# One man's trash ...



## David_AVD (Nov 9, 2012)

I saw this gazebo frame sticking out of a bin in front of a hire place up the street from work, so asked if I could have it.

I'm guessing it got trashed in the strong winds we had this week. I'm sure that I'll be able to use some of the straight bits for a moving prop in 2016.


----------



## David_AVD (Nov 9, 2012)

And 10 minutes later I have a nice pile of metal to use.


----------



## Hairazor (Mar 13, 2012)

Nice score


----------



## RoxyBlue (Oct 6, 2008)

Mark of a true haunter - trash diving


----------



## CreeepyCathy (Mar 28, 2009)

great score!


----------



## ScareRookie (Aug 1, 2008)

Home haunters are a rare breed. We are the only kind of people who can see the true beauty behind another mans trash, and the happiness in creating another mans horror. All done in great fun for everyone. I love being a home haunter.


----------



## David_AVD (Nov 9, 2012)

This week's score was 4 older model BMW car doors off Gumtree (like eBay but free).

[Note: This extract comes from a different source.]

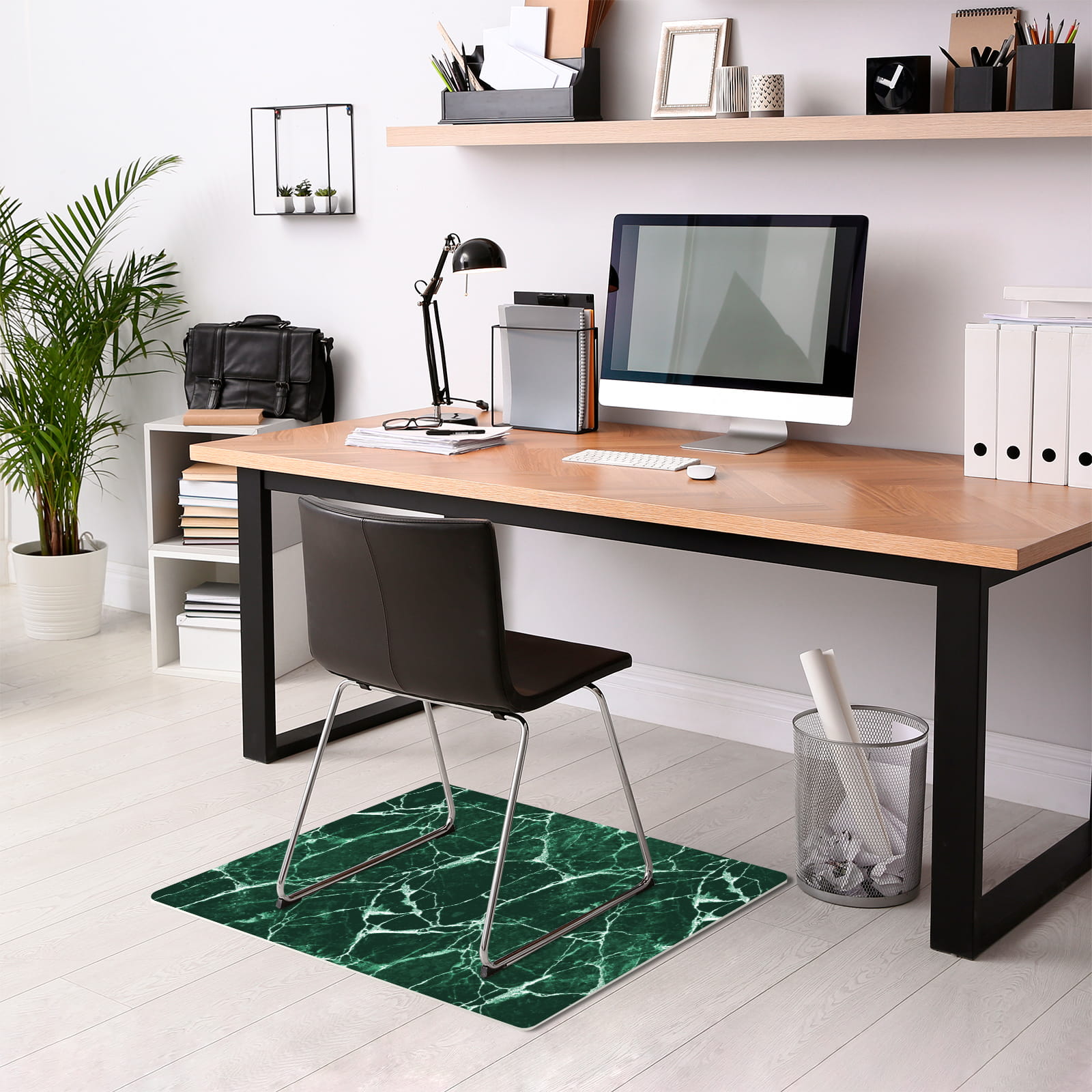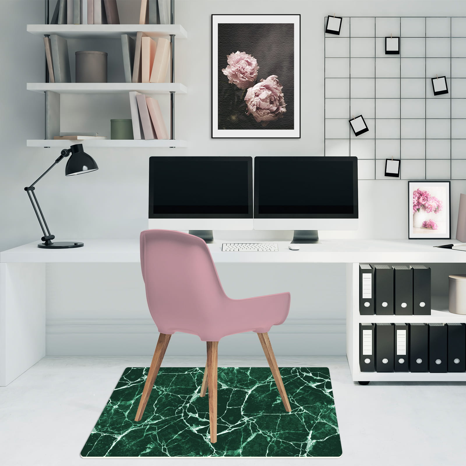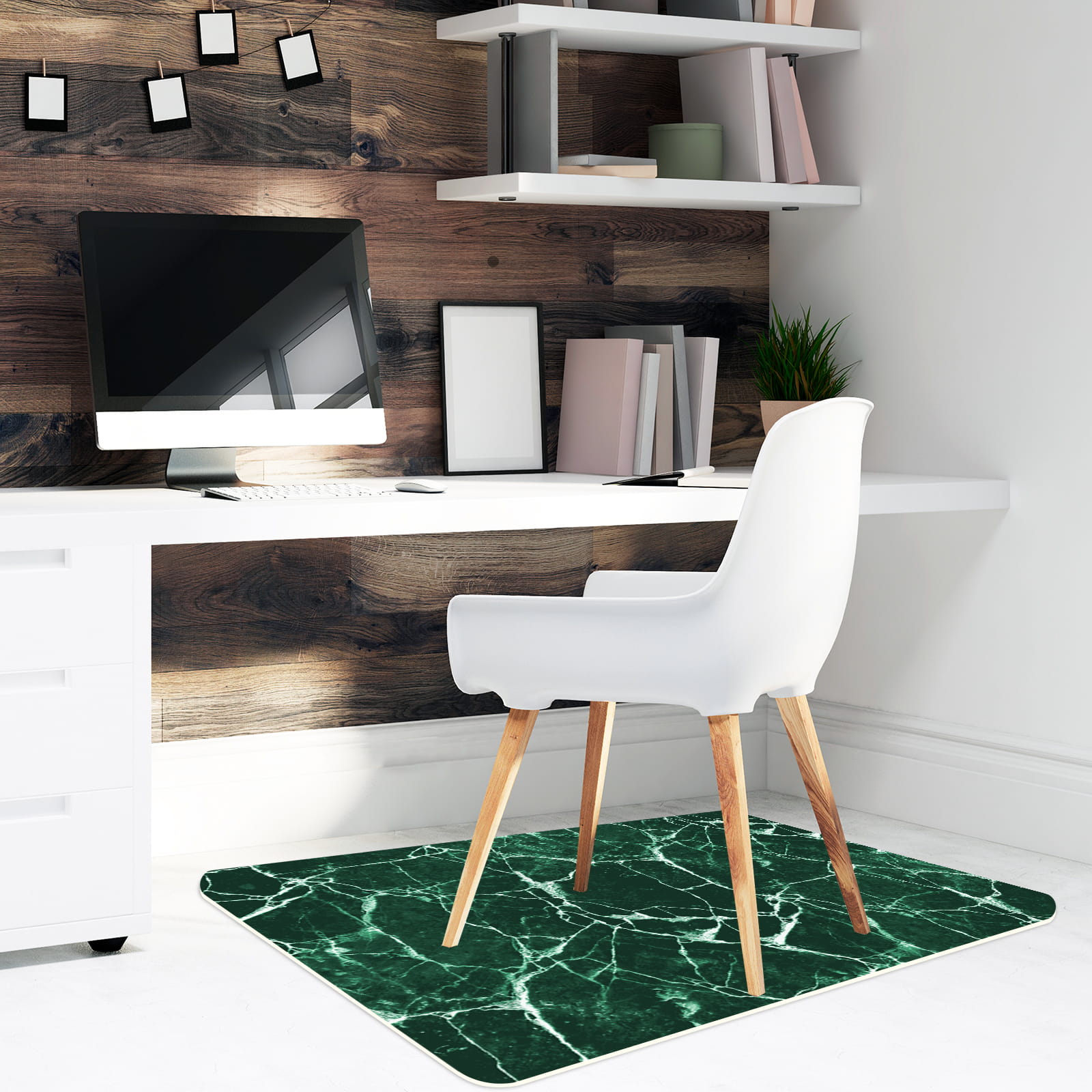 Podłogowa elegancka mata winylowa pod fotel krzesło zielony marmur

Why car doors I hear you ask? Because they had electric windows of course!

Picked them up Monday afternoon (just a few mins from work) and took the motors and drive gears out this morning.

Now, what to use them for....


----------



## djgra79 (Oct 11, 2015)

Hmm... I have an old gazebo I was looking to get rid of. Now I might just keep it...!


----------



## Pumpkin5 (Aug 8, 2010)

:jol:Nice repurposing.....some people call it being thrifty and frugal and ingenuitive....others....(I won't name, names) call it hoarding.... I call it building up your haunt stash. (potatoes, pOtotoes):googly:


----------



## Bone Dancer (Oct 7, 2005)

You know your a true haunter when you know the trash pick-up day in your area and go "shopping at curbbies" the night before.


----------



## David_AVD (Nov 9, 2012)

Today's find was wood from a ride-on mower pallet. The local Honda shop sometimes leaves stuff out the front and has told me I'm always welcome to it. 

I've already turned it into a basic frame to attach some hessian to, so I can partly enclose my front patio for Halloween this year.


----------